High-functioning depression is a term commonly used to describe a person that has depression symptoms but appears to be fine and in good health — they can function well in every area of life, such as work, school, home, and relationships. High-functioning depression somewhat contrasts with what a depressed person would do. The majority of individuals with depression disorder often show clear symptoms and show that they are struggling; it is clear that depression is making them suffer and that it interferes with their overall life. In other words, it is clear from its effects and symptoms that a person is suffering from depression disorder.

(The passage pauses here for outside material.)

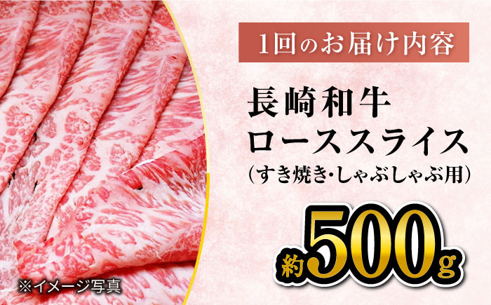 極上ロースで舌鼓♪ 【3回定期便】【訳あり】長崎和牛 ローススライス 約500g( すき焼き・しゃぶしゃぶ用 )×3回定期便<大西海ファーム> [CEK150]
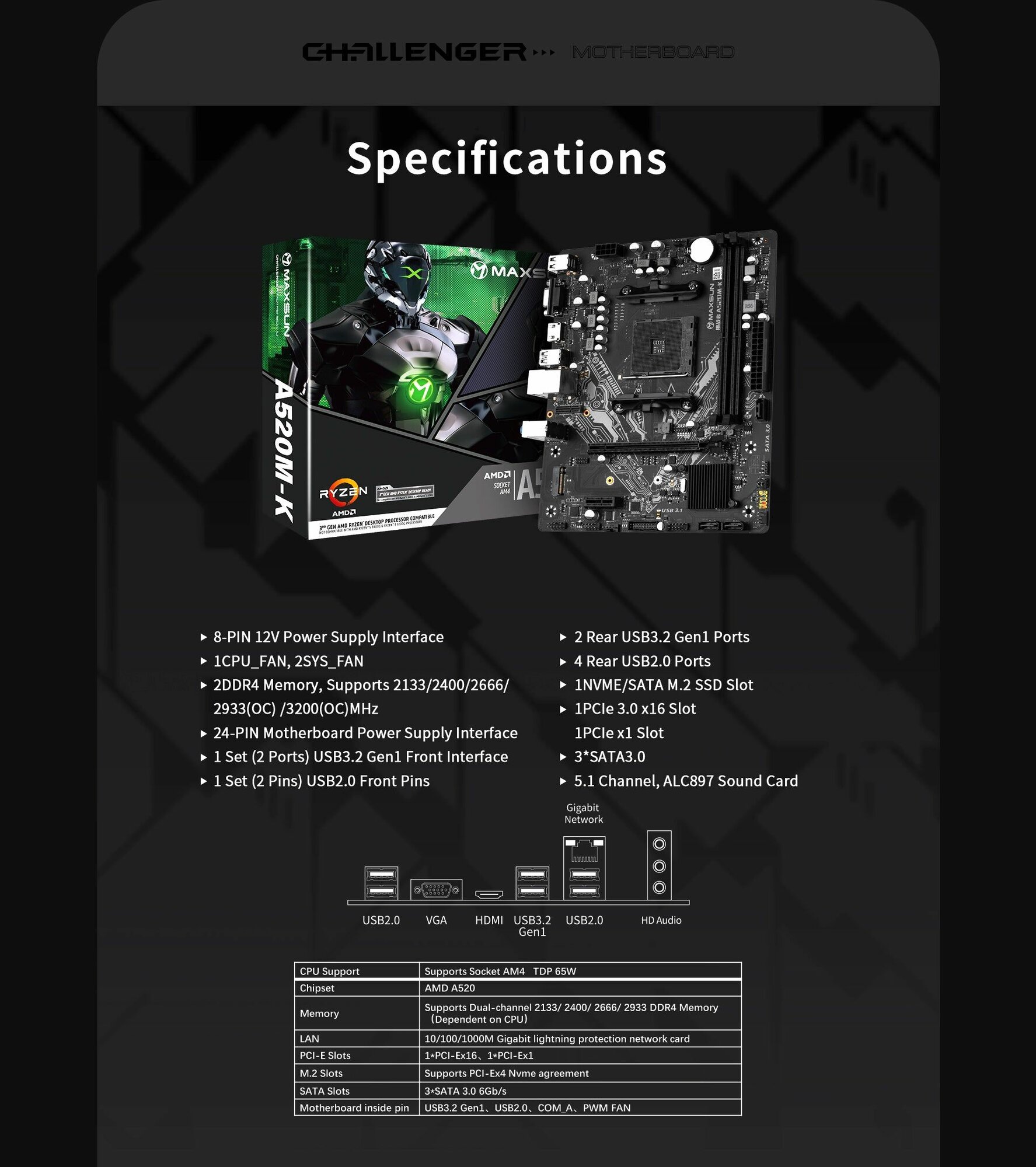 Материнская плата Maxsun CHALLENGER A520M-K (AM4, MATX)

With high-functioning depression, you likely won’t notice that a person is suffering from depression — they can go about their daily life and function normally. It is different from coping, the various methods that people use to deal with depression; to self-medicate, some people may take drugs, other people may eat to find comfort, and some may withdraw or isolate themselves. But other people have what is referred to as “high-functioning” depression. This is a milder variety of depression that is simpler to conceal from others.

However, the term “high functioning” gives the false impression that because a person can function, there is no urgent need for help. The fact that a person can carry on with their daily activities despite being depressed does not imply that they are not suffering or in need of assistance.

What are the Signs of High-functioning Depression?

An individual with high-functioning depression might give the impression of sadness or poor energy but still be able to complete tasks. You could be depressed but keep going because you believe you can force yourself to finish the day. 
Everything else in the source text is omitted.